Search Product strategy
This page outlines the strategy, and goals of the Search Product team over the next year or so.
For context on the mission, vision and guiding principles of Search, see the top-level search strategy page.
Continue to differentiate the core platform beyond code search. Search will always power our platform, but to remain competitive we need to become more than the world’s best code search
Provide compelling solutions for the most pressing use cases of our customers
Maintain room for experimentation and exploratory work that creates meaningful business value
Where we are now
We are actively leveraging our prior search backend work to implement exciting new features like Lucky search, which make it possible to generate valid Sourcegraph queries form users’ natural language input. Long term, this will help us build an intuitive search experience without making users learn our query language.
Over the next quarter, Search Product will focus on improving our core competency of code search, as well as extend the potential of the search platform. We’re facing real competition from GitHub’s new code search (currently in technology preview). Many customers and prospects find it good enough for their needs and there is real market pressure for us to differentiate quickly.
Our work will include paring back the search experience to its essentials and improving ergonomics via query language improvements. Simultaneously, the team will be working toward exposing metadata in search, eventually allowing us to search data other than code via Sourcegraph.
What’s next and why
Enhancing the core workflow
In , we’ll focus on simplifying the core workflow, implementing small but meaningful UX changes that make it easier for Sourcegraph users to solve problems and unblock themselves using Sourcegraph.
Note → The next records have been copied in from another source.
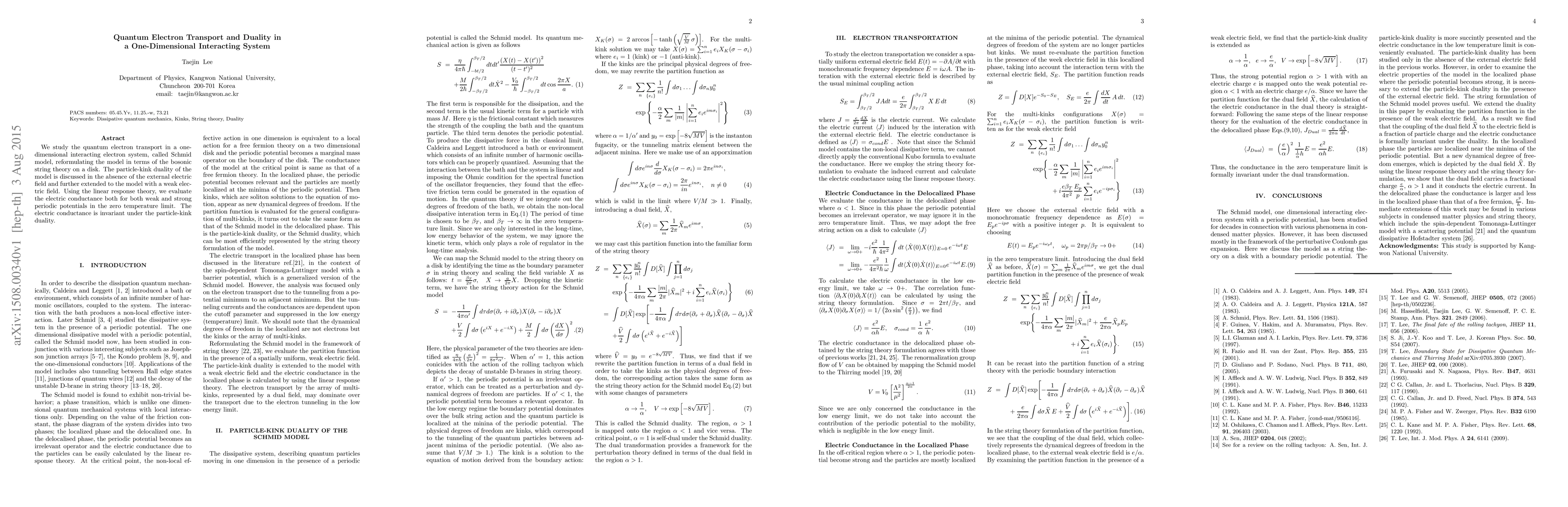 This paper explores quantum electron transport in a one-dimensional interacting Schmid model, reformulated via bosonic string theory. It investigates particle-kink duality and electric conductance under weak and strong periodic potentials, revealing invariance under duality.
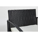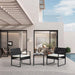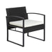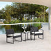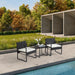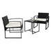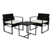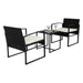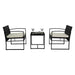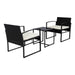 Juego de Sala Exterior, Elaborado en Plástico, Metal y Textil el set incluye mesa y dos sillas, en Color Negro y Blanco.
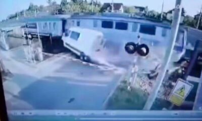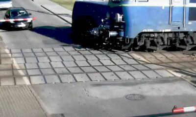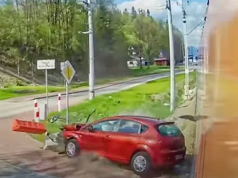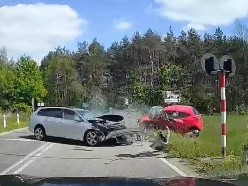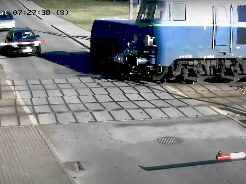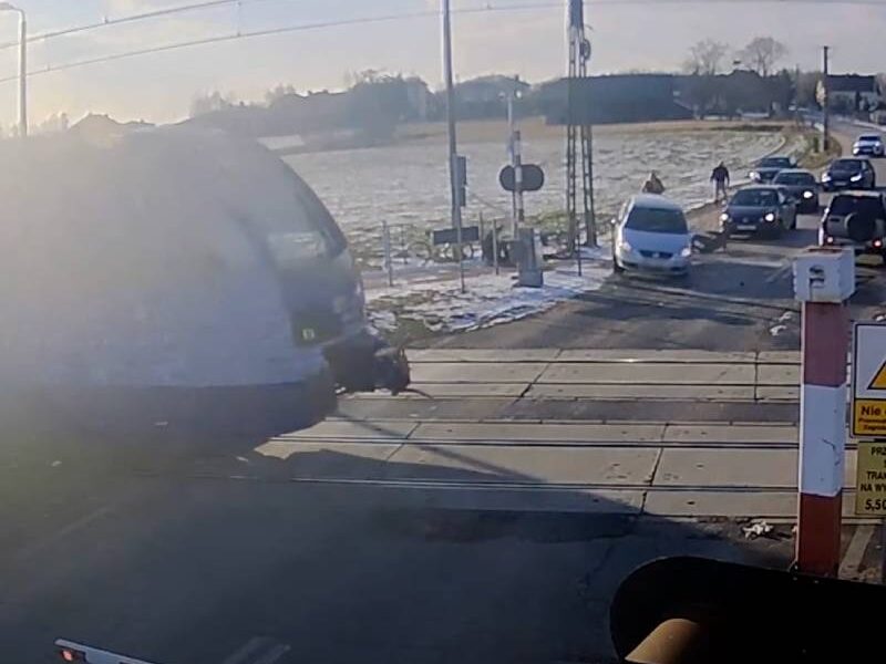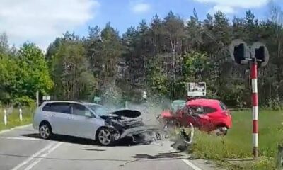 Na przejeździe kolejowym zderzyły się trzy samochody. Z nagrania wynika, że wszyscy trzej jechali jak szaleńcy – żaden z nich nie stanął przed znakiem STOP przed...

Query language improvements
We will continue our efforts to improve our search experience via the query language. Features like Lucky search and improved syntax such as inline regex, the elimination of a need for a pattern type, and aliases for
path will help users get value from Sourcegraph quickly, even if they’re used to another code search tool.
Ready the core workflow for deep integrations
SCIP <> search <> Compute integration
With Code Intel’s commitment to complete SCIP <> search <> Compute integration shortly, we will have the ability to search only precise results. This has huge implications for surfacing and leveraging code intelligence data throughout the product.
Develop integration framework in the core workflow
UI concern of where integrations fit:
Likely way to integrate features more deeply into search and core workflow is to integrate code insights and batch changes into compute. There may be Compute work necessary to achieve that (production readiness, scale, …).
- Code Insights: RFC (PRIVATE?) 696 REVIEW: Code Insights serves new jobs to be…
- Batch Changes: RFC 713: Compute-powered batch changes
What we’re not working on and why
We’ll complete our migration from the Monaco editor to CodeMirror 6, but we won’t continue our work on improving search query suggestions for the time being. We’re turning most of the application focus to cleaning up the core workflow.
We’ll also defer work to make metadata searchable. Although this is an important piece of functionality, the platform will be focused primarily on Lucky search and Compute foundational work.